The data -
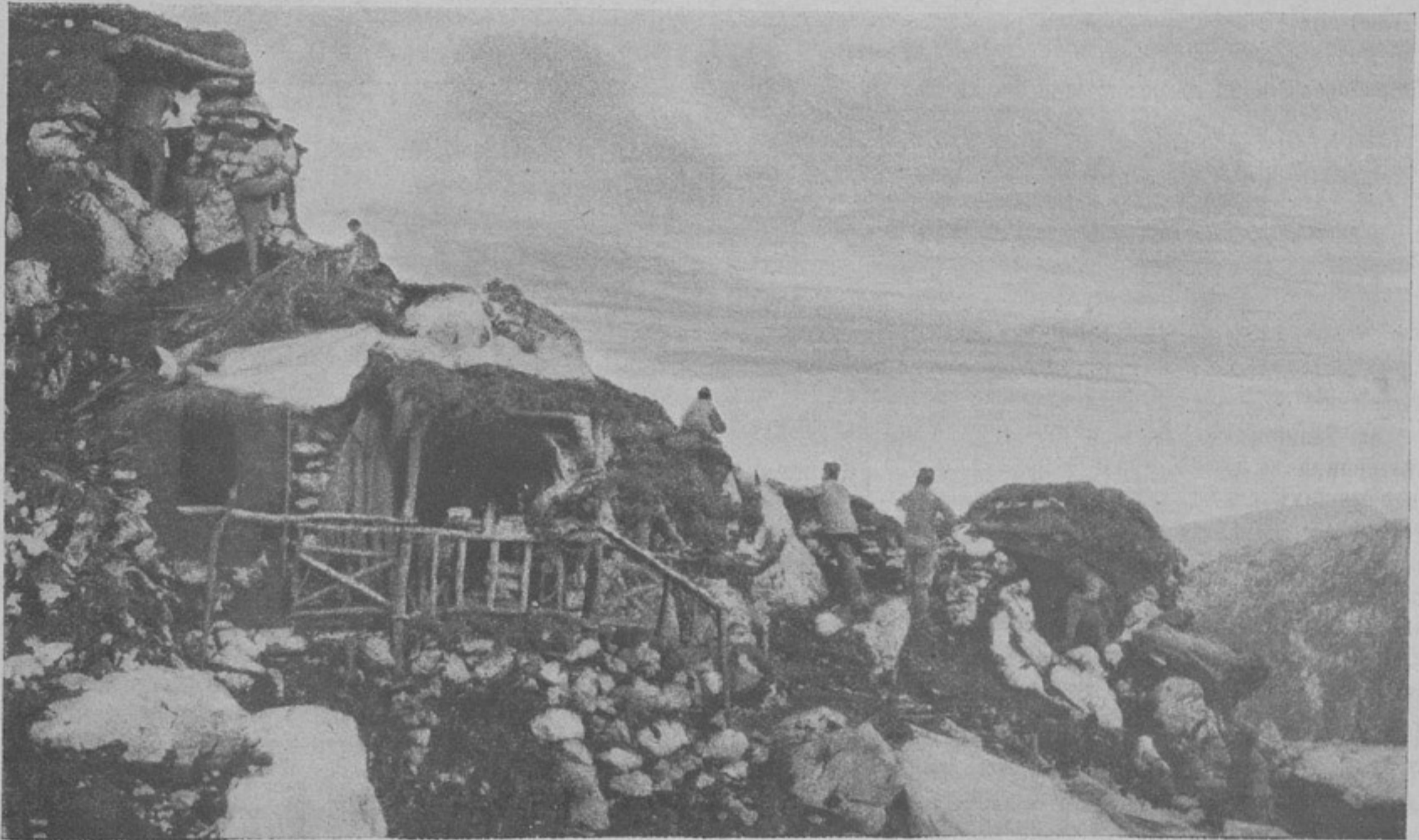
Участокъ одной изъ позицій австрийцевъ на итальянскомъ фронтѣ. („Welt-Spiegel“).

Кричать эти господа въ обществѣ, клубахъ, салонахъ.
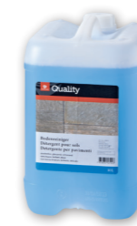
Détergent pour sols

Dosage Non dilué Utilisation Convient également parfaitement au nettoyage des surfaces en acier chromé. Vaporiser et sécher avec un chiffon non pelucheux.
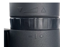
Fig. 4 Anillo de ajuste dioptría
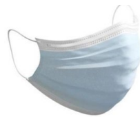
Máscara Cirúrgica Tipo II
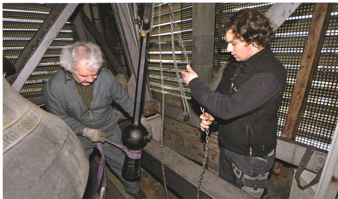
24. Februar: Die grosse Kirchenglocke von Grabs kann wieder läuten – der vor Weihnachten gebrochene Klöppel wird ersetzt.
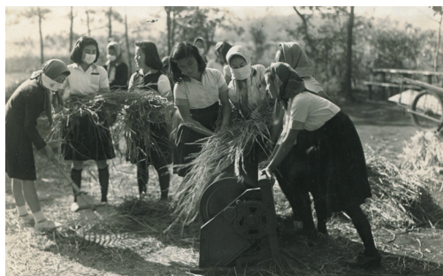
花小金井にあった学校農場での脱穀作業

今、自分が人の子の親となって、戦争中の学校生活を振り返ってみると、先生方は、大勢の生徒を、何時如何なる事態になるかわからない状況の下で預かり、指導教育するという、この時代ならではの大変な御苦勞をしていて下さった
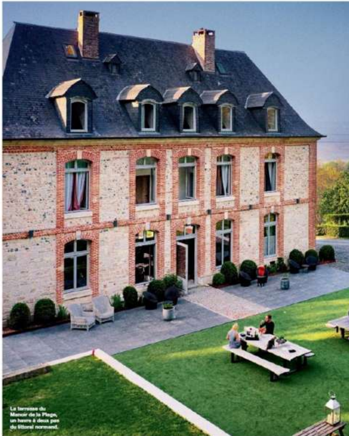
La terrasse du Manoir de la Plage, un havre à deux pas du littoral normand.
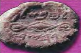
"Tobshalem Commander of the Army"
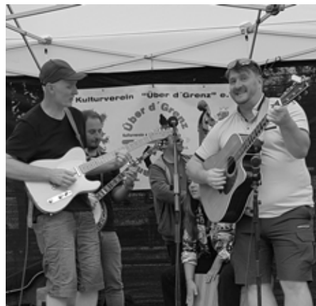
Divoký band

K festivalové neděli se přidalo i pozoruhodné muzeum „NaturparkWelten“ umístěné
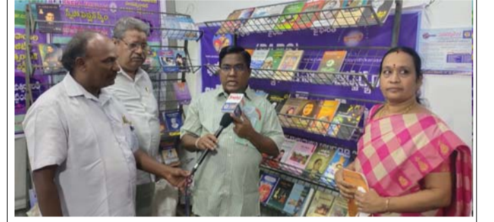
రాష్ట్ర ట్రిబల్ వెల్ఫేర్ డైరెక్టర్ వాడ్రేపు. చినవీరభద్రుడు ఐఎఎస్
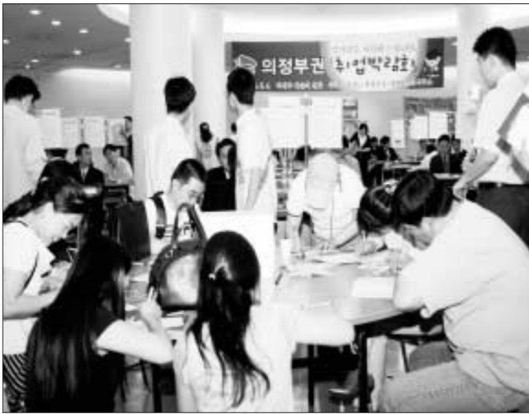
▲ 지난 4일 오후 의정부예술의전당에서 개최된 의정부권 취업박람회에 1천여명의 구직자들이 몰려 최근의 실업대란 사태를 반영했다.

의정부시는 최근 경기침체에 따른 실업사태가 예상되는 가운데 청년구직자와 구조조정실직자들의 취업을 돕기 위해 지난 4일 오후 의정부예술의전당에서 경기도 제2청, 의정부시고용안정센터와 공동으로 『의정부권 취업박람회』를 개최했다.
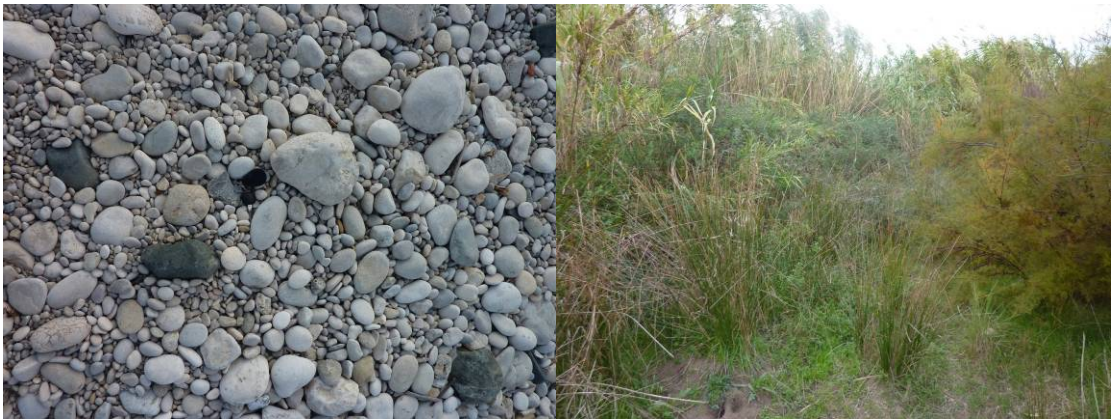
Detalle de los materiales de la barra de desembocadura, gravas rodadas con predominio de materiales calizos blanquecinos entre los que se intercalan algunas gravas oscuras de materiales ígneos (ofitas triásicas).
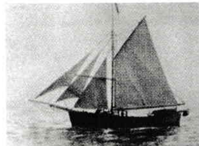
Gjøa, prima corabie care a navigat prin pasajul de nord-vest
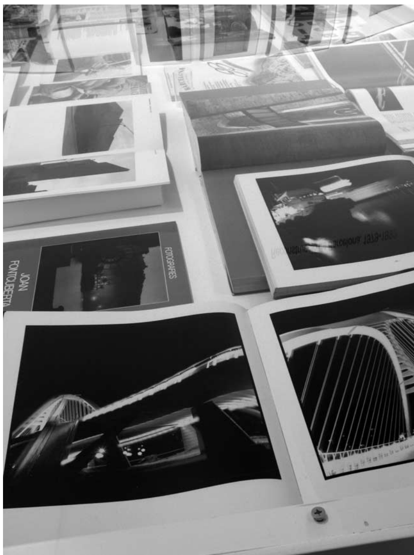
En primer plano y a la derecha, libros de Manel Esclusa. A la izquierda, libro de Joan Fontcuberta y catálogo de la exposición La ciutat fantasma (1985).
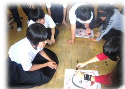
1年 日本の遊び...福笑い・けん玉
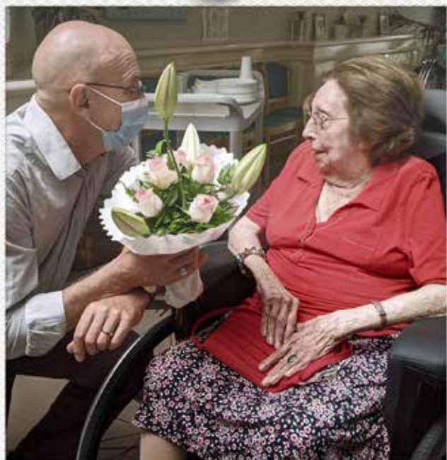
BON ANNIVERSAIRE 101 ANS RÉSIDENCE ABELIA
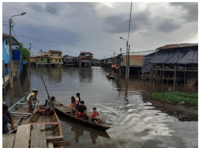
Weg mit dem Boot zum Casa Joabe

als in Deutschland – ein halber Weltuntergang ist es hier ;)
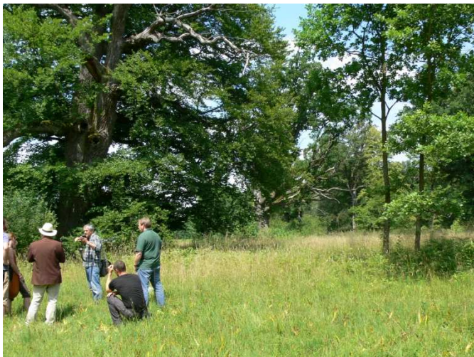
„METHUSALEMBÄUME“ UND IHRE BEDEUTUNG FÜR DEN ARTENSCHUTZ
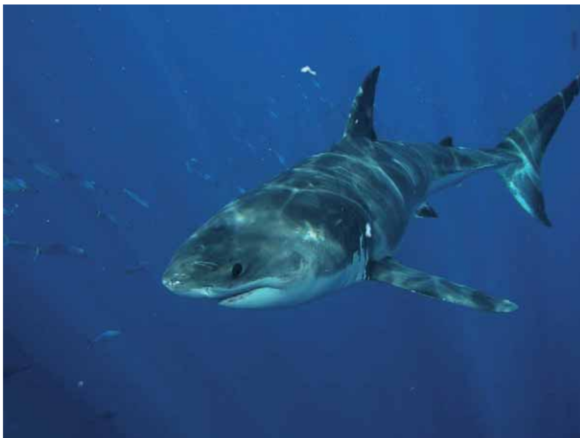
Figura 15. El tiburón blanco Carcharodon carcharias está en el Apéndice II de CITES desde 2004.

En 2000, la CdP11 revocó la Resolución Conf. 9.17, una vez adoptado el PAI-Tiburones, pero las Decisiones 11.94 y 11.151 contenían acciones sobre la aplicación de dicho Plan y la mejora de los registros internacionales de comercio en productos de tiburón. La Decisión 11.94 se refería al mantenimiento de las relaciones existentes entre la Secretaría del Comité de Pesca de la FAO y el Presidente del CF, para evaluar la aplicación del PAI-Tiburones. Los resultados debían comunicarse periódicamente en las reuniones del CF y la CdP. La Decisión 11.151 instruía a la Secretaría CITES a mantener sus relaciones con la Organización Mundial de Aduanas, para promover el establecimiento y uso de encabezados específicos en el Sistema Armonizado de Clasificaciones Aduaneras Estándar a efectos de discriminar entre carne, aletas, cuero, cartílago y otros productos de tiburón que entraran en el comercio internacional.
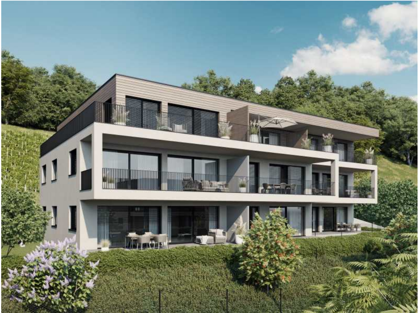
Haus - C
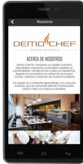
Información y contacto
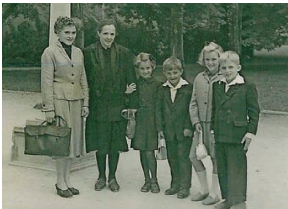
Družina Katrce Košir

Tisti, ki se vsak dan vozite v službo z Jezerškega v Ljubljano, in tudi druga mladina, si ne morete misliti, kako smo včasih potovali v Ljubljano. Avtomobili

Directions - From the line holding "Gjøa, prima corabie" to the final line of the data above, give each line again exactly, both ends included, and drop the pictures.

Result of the exercise -
Gjøa, prima corabie care a navigat prin pasajul de nord-vest
En primer plano y a la derecha, libros de Manel Esclusa. A la izquierda, libro de Joan Fontcuberta y catálogo de la exposición La ciutat fantasma (1985).
1年 日本の遊び...福笑い・けん玉
BON ANNIVERSAIRE 101 ANS RÉSIDENCE ABELIA
Weg mit dem Boot zum Casa Joabe

als in Deutschland – ein halber Weltuntergang ist es hier ;)
„METHUSALEMBÄUME“ UND IHRE BEDEUTUNG FÜR DEN ARTENSCHUTZ
Figura 15. El tiburón blanco Carcharodon carcharias está en el Apéndice II de CITES desde 2004.

En 2000, la CdP11 revocó la Resolución Conf. 9.17, una vez adoptado el PAI-Tiburones, pero las Decisiones 11.94 y 11.151 contenían acciones sobre la aplicación de dicho Plan y la mejora de los registros internacionales de comercio en productos de tiburón. La Decisión 11.94 se refería al mantenimiento de las relaciones existentes entre la Secretaría del Comité de Pesca de la FAO y el Presidente del CF, para evaluar la aplicación del PAI-Tiburones. Los resultados debían comunicarse periódicamente en las reuniones del CF y la CdP. La Decisión 11.151 instruía a la Secretaría CITES a mantener sus relaciones con la Organización Mundial de Aduanas, para promover el establecimiento y uso de encabezados específicos en el Sistema Armonizado de Clasificaciones Aduaneras Estándar a efectos de discriminar entre carne, aletas, cuero, cartílago y otros productos de tiburón que entraran en el comercio internacional.
Haus - C
Información y contacto
Družina Katrce Košir

Tisti, ki se vsak dan vozite v službo z Jezerškega v Ljubljano, in tudi druga mladina, si ne morete misliti, kako smo včasih potovali v Ljubljano. Avtomobili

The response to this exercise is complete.